Specific echo report results can also be extracted using the same process. So, rather than only being able to compare patients with “reduced EF” to those with “preserved EF,” for example, researchers can query patients with quantitative EF results (e.g., EF<40%, EF 40%-55%).

In addition, Truveta Data includes complete EHR data for more than 100 million patients, including labs, images, and clinician notes linked across health systems and augmented with social drivers of health and claims data. By extracting clinical measures like EF and combining them with other critical data points (updated daily), researchers can study the complete patient journey and explore treatment effectiveness, disease risk factors, patient subgroups, and more. For more on the potential research potential with ejection fraction, check out this Truveta blog.

Making less common cardiovascular conditions available for study

While ejection fraction is a common quantitative measure, echocardiogram reports include many other measures and clinical assessments that can be used to study rarer conditions like tricuspid stenosis, which is a narrowing of the tricuspid valve in the heart. If untreated, tricuspid stenosis can lead to arrhythmia, stroke, and irreversible heart dysfunction.

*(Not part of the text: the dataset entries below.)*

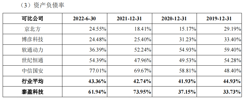 且泰盈科技的资产负债率迅速升高,报告期内,分别为33.73%、37.15%、73.95%和61.94%,远高于同行水平,行业平均为40%左右。
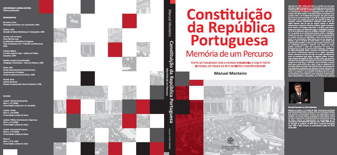 Na próxima 5ª feira, dia 14, pelas 18h~30m, na Universidade Lusíada, em Lisboa (Rua da Junqueira), faz-se a apresentação do livro CONSTITUIÇÃO PORTUGUESA - Memória de um Percurso, da autoria de Manuel Monteiro
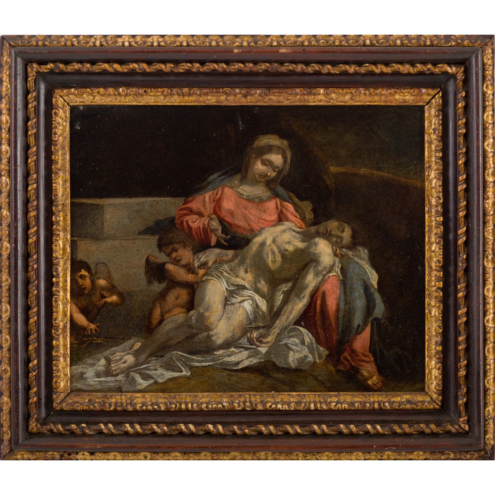 SCUOLA BOLOGNESE XVII SECOLO, La Pietà Farnese, Olio rame

With details from echo reports captured like valve area, flow velocity, and pressure gradient across a valve, researchers can now study tricuspid stenosis and other valvular conditions at scale to learn more about the patient populations affected and identify new treatments that can improve patient care and outcomes, ideally saving lives.

Imagining what’s possible

Never before have these echocardiogram test results been available for research at this scale. The millions of clinical observations now available in Truveta mean cardiovascular researchers can study conditions more quickly than ever before, develop innovative new treatments, and improve patient care and outcomes.

Within the next few months, we will also have clinical observations from cardiac catheterization reports, which will provide even more data to help researchers study conditions like ischemic heart disease and pulmonary hypertension.

Imagine what’s possible and how many lives can potentially be saved because these data are now available at scale.